The buying question this answers

The regulator's letter arrives on a Tuesday. The subject line is polite — "Request for cybersecurity governance evidence under NCPS 2021 CNII obligations, Q1 2026." The body asks for a list of specific evidence: privileged-access changes in production over the prior quarter, the approval trail for each, the IAM policy diffs that produced them, the audit log entries that confirm execution, the regulatory-control mapping. Response deadline: fourteen days.
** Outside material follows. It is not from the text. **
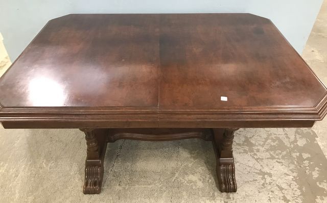 Walnut depression era dining table with leaf and pads, removable top with wing nuts, ornate carved base, has veneer missing spot on top, 31"h., 61"L., 43"w. Walnut depression era dining table with leaf and pads, removable top with wing nuts, ornate carved base, has veneer missing spot on top, 31"h., 61"L., 43"w.
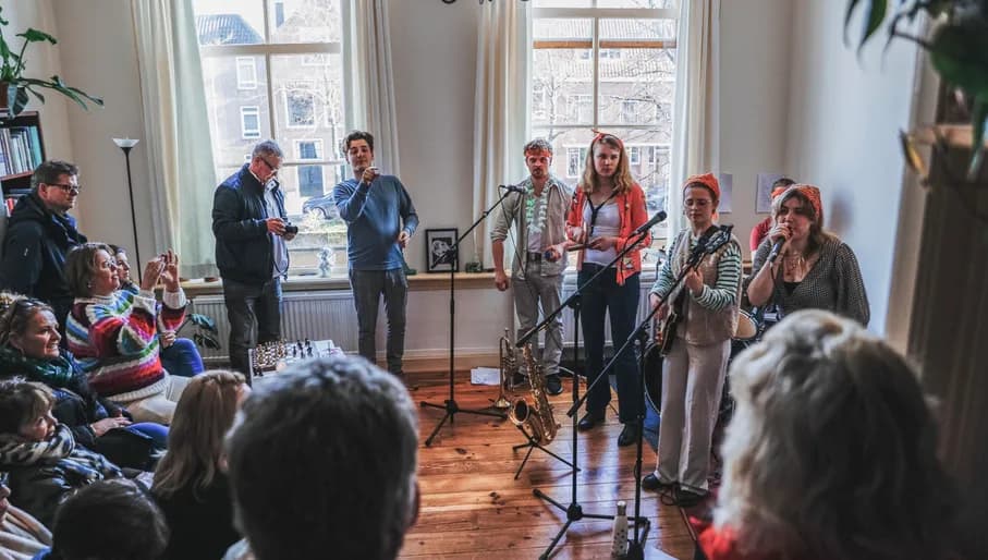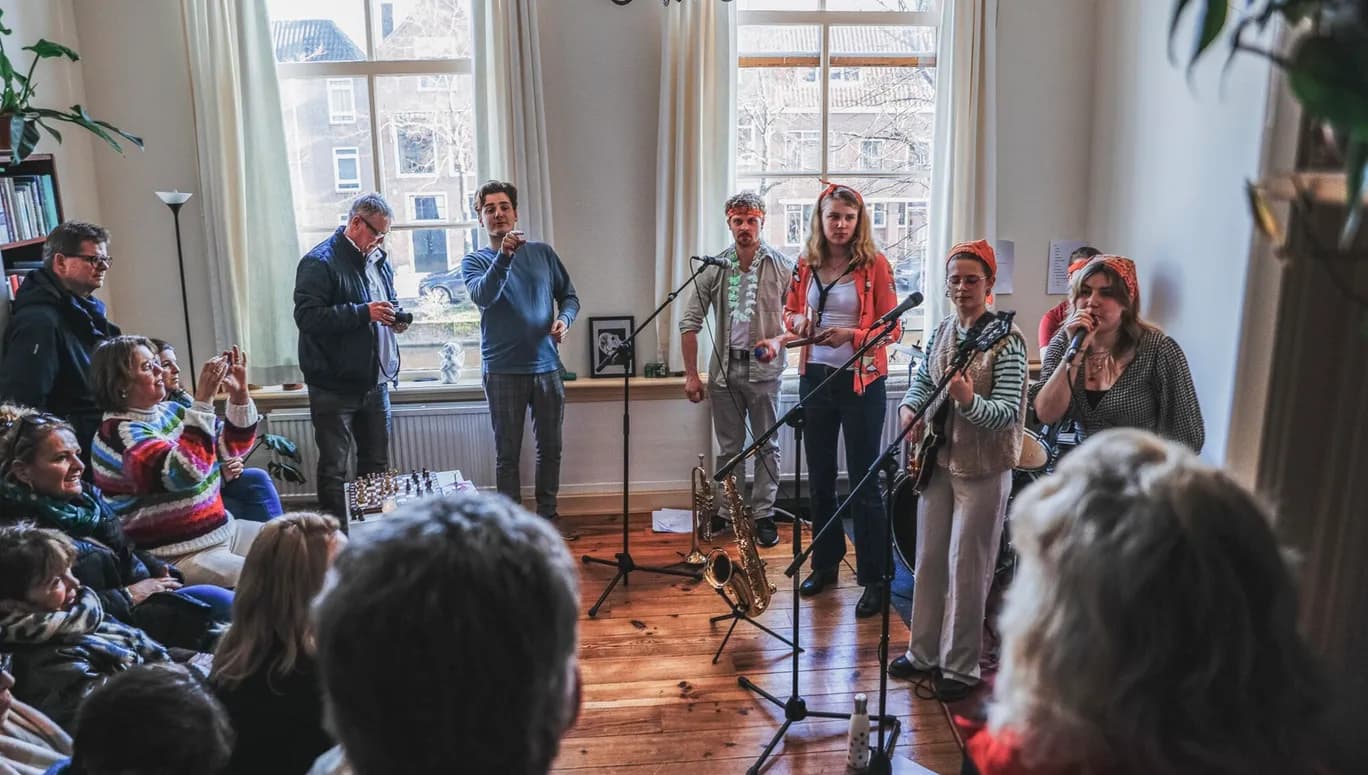 Op de eerste dag van februari barst door heel Amsterdam een vrolijk podiumkunstfestival los. In huiskamers, op pleintjes, in buurthuizen en cafés kun je genieten van muziek, poëzie en theater. Ontmoet je buren, plof ergens op de bank bij het gepingel van gitaarmuziek of smelt weg bij het haardvuur met vloeiende poëzie. Een reservering is niet nodig. Steun de kunstenaars en het evenement met een vrijwillige bijdrage.

The compliance team starts on Wednesday. By the end of week one, they have an extract from CloudTrail Lake covering the right time window. By the middle of week two, they have a draft mapping of events to NDPA Section 39 and CBN CSAT control IDs. By Friday afternoon, an analyst is hand-formatting the evidence pack into a PDF the regulator will accept. The team works the weekend. The pack ships on day twelve.

It will happen again next quarter. And the quarter after. Every regulated enterprise in Africa and the EU is now in a steady-state cadence of regulator queries — NDPA processing-record requests, CBN CSAT examination cycles, NMDPRA posture reviews, NIS2 Article 21 evidence requests, GDPR data-subject inquiries, sector-regulator one-off probes. The work is repetitive, time-pressured, expert-intensive, and a poor use of senior compliance time.

The compliance-automator is our open-source answer. A regulator's evidence query goes in. A structured, citation-rich, audit-grade evidence pack comes out — in twelve minutes, not twelve days. This piece is the case study: what we are building, the architecture, the repo, the build roadmap, and the engineering decisions a CISO needs to see before trusting the output.

What it actually does

A side-by-side comparison portal. Left pane: the regulator's query, or a draft policy / contract / operational document. Right pane: the AI agent's response — non-compliant clauses highlighted, deep-linked to the exact page and section of the official government regulation, with the evidence pack auto-generated underneath.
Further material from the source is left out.